The agency subsequently prosecuted him for obstruction, for which he was given a conditional discharge. However, it did not take action for the burning.
In fact that April the agency wrote to Rossendale council saying that although there was evidence of illegal activity it was insufficient to identify those responsible.
Ashe had transferred ownership of the burning pit to a third party in Ireland.
Rossendale and Lancashire councils also undertook investigations into the tipping and also failed to prosecute.
Agency visits and warnings continued until mid-2006 when officers wrote to the landowner asking him to attend an interview under caution. He refused.
Traffic Commissioner pulls the plug
Ashe only stopped dumping waste in June 2007 when the local Traffic Commissioner revoked his licence to operate HGVs from the site.
In June 2008, he pleaded guilty to three charges of dumping controlled waste on land without a licence, contrary to the Environmental Protection Act 1990. He was sentenced to 160 hours community service.
Ashe was eventually declared bankrupt and a bank repossessed the farm. He tried to hide assets from the Insolvency Service.
The ombudsmen questioned the agency’s then chief executive, Baroness Young, and the officers involved, about the case. They gave several reasons for why a prosecution did not occur earlier.
First, the farm was only accessible by a single road, making surveillance difficult. Officers could see lorries enter, but the farm itself was not visible. Ashe could see when they were around and stop burning.
The "health and safety issue identified" - Ashe’s aggressive behaviour - also meant the agency needed four officers to visit the site at a time.
The agency was also "over-cautious" in the amount of evidence it felt it needed to prosecute. Officers believed they needed to see vehicles enter the site and tip waste and prove the landowner was involved. They also felt they needed to know what the waste was because many types of material can be used on farms with exemptions.
However, some of the evidence from council officers suggests the agency was not fully committed to the case. Rossendale council officers said they had met the agency and Lancashire County Council in November 2000, but it "had shown little interest in the matter".
Later, the borough council’s legal advisers told them a joint approach was needed to achieve a successful prosecution. The three bodies met again, but the agency’s representative in particular "seemed anxious not to be there". The borough’s environmental health officer offered the agency her records and photos of vehicles entering the site, but was told the agency needed its own evidence.

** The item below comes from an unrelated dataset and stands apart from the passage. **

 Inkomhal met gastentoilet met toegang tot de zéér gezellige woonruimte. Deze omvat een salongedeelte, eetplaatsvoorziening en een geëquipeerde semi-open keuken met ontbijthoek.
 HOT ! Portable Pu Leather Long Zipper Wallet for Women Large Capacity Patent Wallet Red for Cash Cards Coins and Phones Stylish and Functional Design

In 2004, the agency told a barrister representing Rossendale council that the site was "a low priority".
The ombudsmen found that the agency should have prosecuted the landowner within two years of being alerted to the problems. It had "failed to conduct [a] robust and comprehensive investigation". Officers said they needed evidence of where the waste came from and what was being tipped but, says the report, they never asked to see the waste transfer notes lorries are required to carry.

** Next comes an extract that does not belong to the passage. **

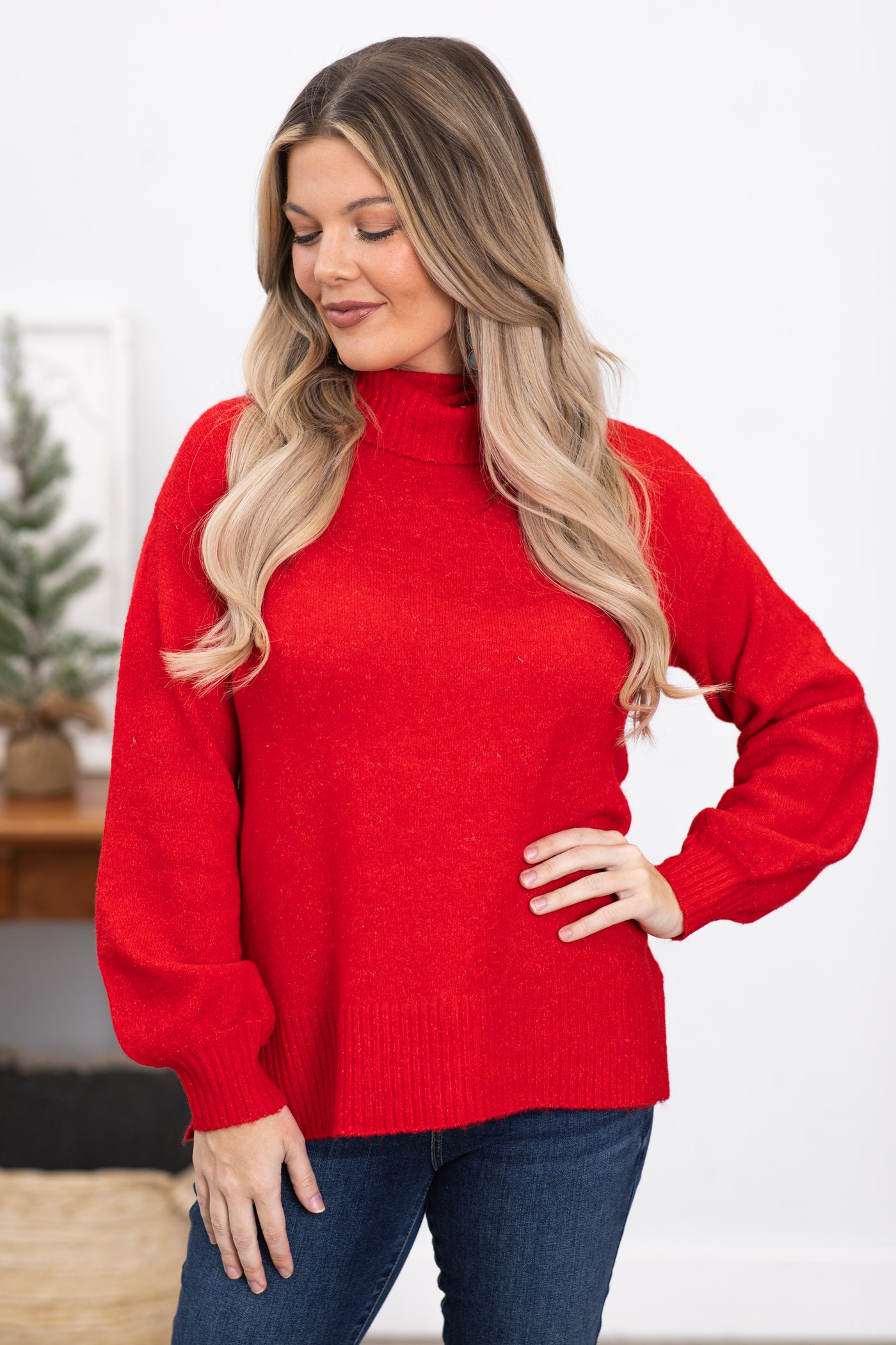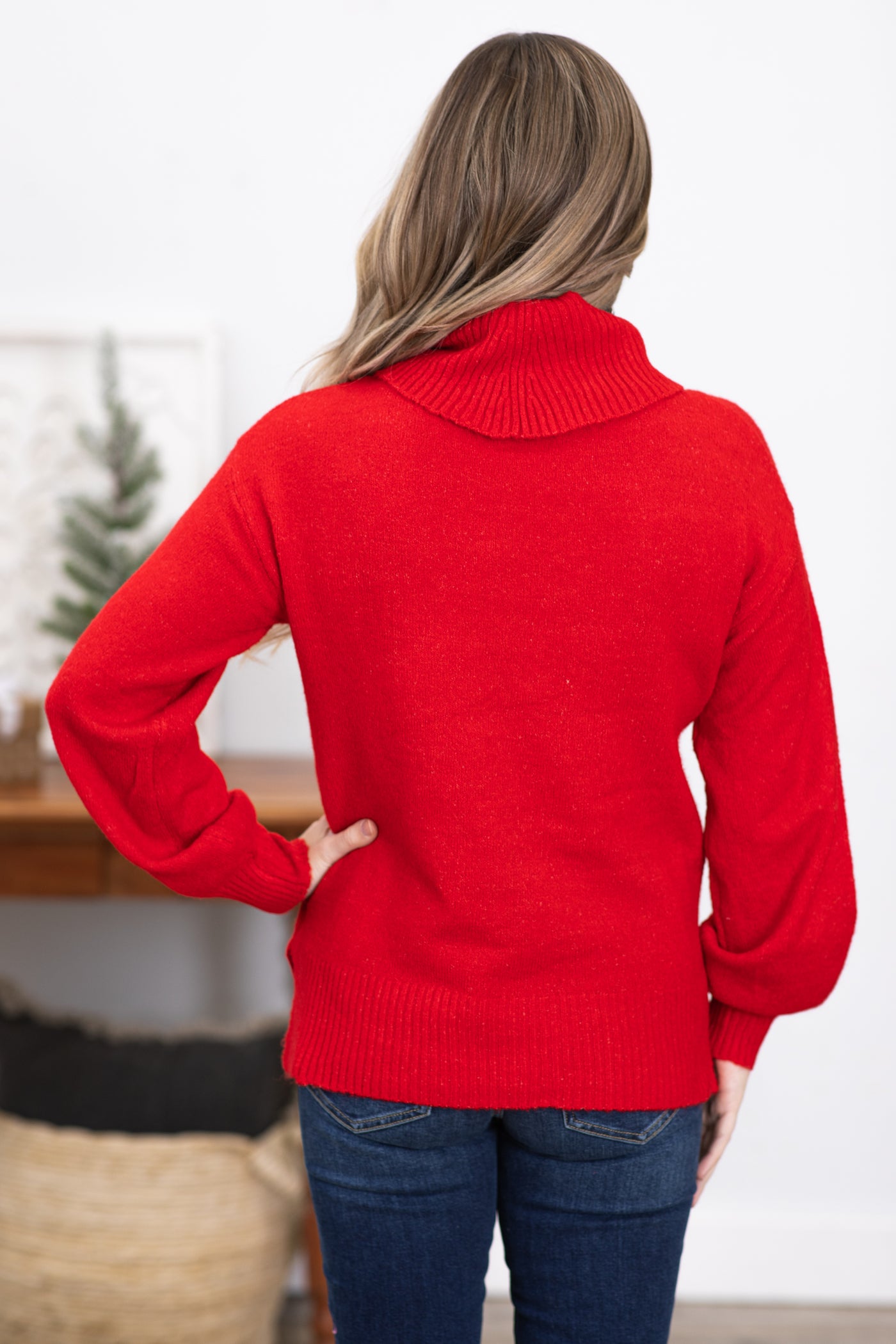 Red Balloon Sleeve Turtleneck Sweater

To get evidence of burning, they should have visited the farm as soon as a fire was reported, but sometimes they waited days.
Right to enjoyment
The report concludes: "The delay in action was not only a significant failure to ‘get it right’, but also a very real failure to consider [the family’s] position and their right to the peaceful enjoyment of their home. Those were serious failings which constituted clear maladministration."

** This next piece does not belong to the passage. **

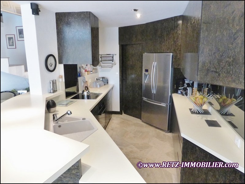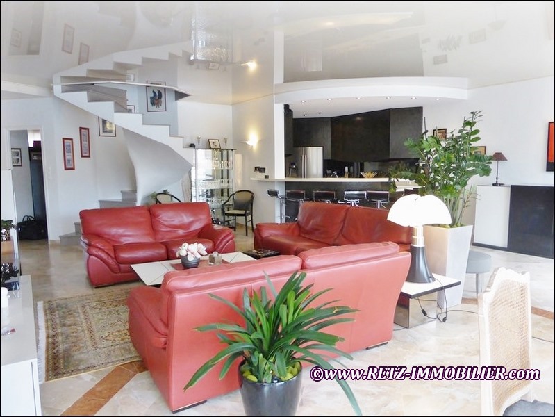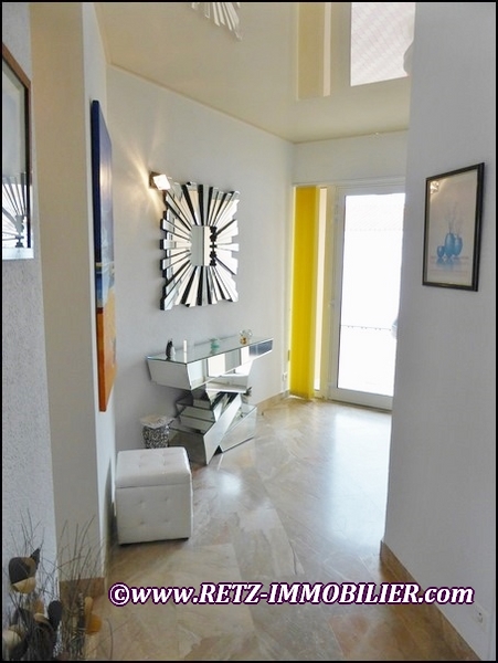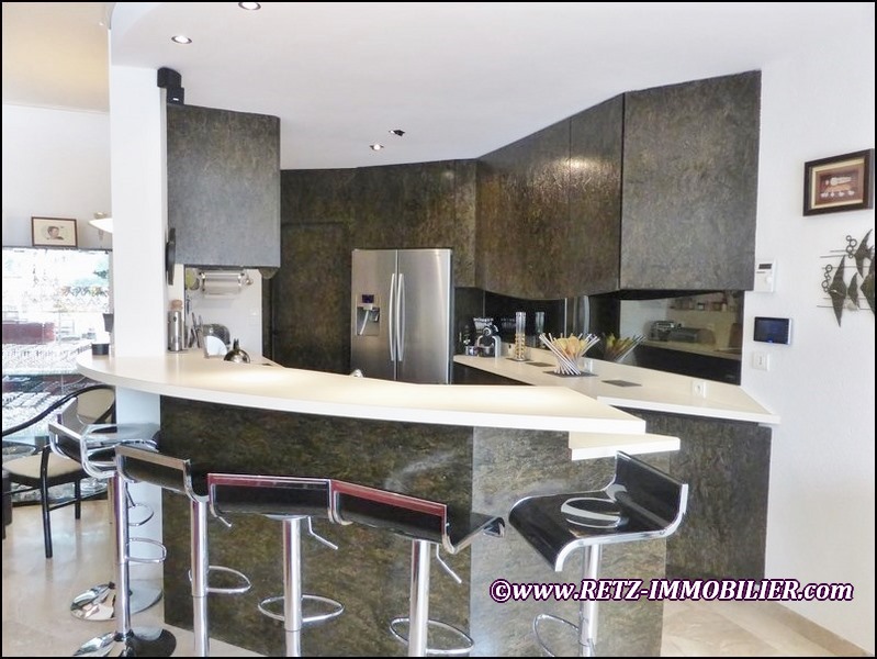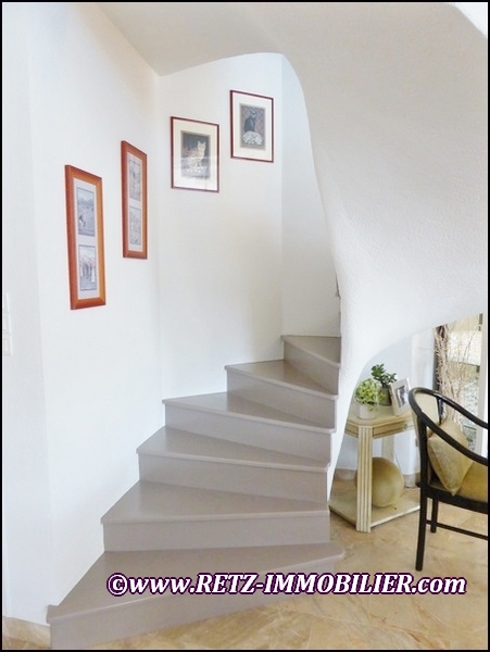 Rez-de-chaussée (sol marbre et plafond tendu Barrisol): Hall d'entrée avec rangements, wc indépendant avec lave-mains, grand séjour avec espace salle à manger en bow-window, bar et cuisine AE ouverte, grandes ouvertures au Sud vers la

The agency told ENDS none of its staff had been disciplined as a result of the case. Tony Dean, its North West Regional Director, said the organisation "fully accepts the findings of this report… [We] failed to meet our own high standards. We have apologised to the family and will pay the compensation proposed."
He said the agency has now transformed the way it handles this type of crime. "We have built intelligence-led environmental crime teams, sought new powers to recoup the proceeds of this crime and work closely with partners such as the Police, Revenue & Customs and local authorities."